## Exercise instructions:
Everything in the records below from the line containing "Em determinadas situações, é" through the line containing "Het interieur kenmerkt" is to be reproduced exactly, those two lines included; no picture is to be copied.

## Input data:
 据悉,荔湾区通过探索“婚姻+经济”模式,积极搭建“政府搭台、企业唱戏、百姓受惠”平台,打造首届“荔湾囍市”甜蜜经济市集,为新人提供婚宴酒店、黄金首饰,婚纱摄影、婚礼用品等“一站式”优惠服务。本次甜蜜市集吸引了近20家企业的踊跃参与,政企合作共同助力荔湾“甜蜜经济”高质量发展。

==

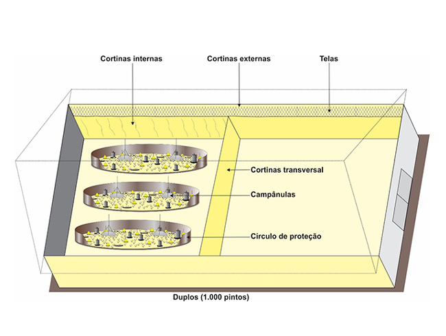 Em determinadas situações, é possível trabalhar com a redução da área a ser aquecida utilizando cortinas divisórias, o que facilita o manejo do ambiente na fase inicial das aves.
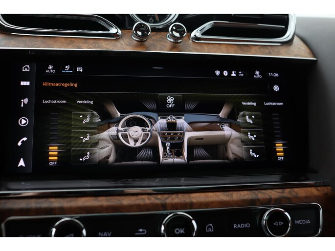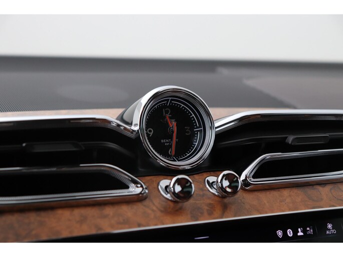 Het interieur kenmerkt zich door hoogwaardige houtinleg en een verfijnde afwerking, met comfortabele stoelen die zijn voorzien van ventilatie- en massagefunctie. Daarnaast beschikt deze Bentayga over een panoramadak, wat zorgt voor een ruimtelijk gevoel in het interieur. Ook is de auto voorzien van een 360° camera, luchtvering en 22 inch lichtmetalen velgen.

## Exercise response:
 Em determinadas situações, é possível trabalhar com a redução da área a ser aquecida utilizando cortinas divisórias, o que facilita o manejo do ambiente na fase inicial das aves.
 Het interieur kenmerkt zich door hoogwaardige houtinleg en een verfijnde afwerking, met comfortabele stoelen die zijn voorzien van ventilatie- en massagefunctie. Daarnaast beschikt deze Bentayga over een panoramadak, wat zorgt voor een ruimtelijk gevoel in het interieur. Ook is de auto voorzien van een 360° camera, luchtvering en 22 inch lichtmetalen velgen.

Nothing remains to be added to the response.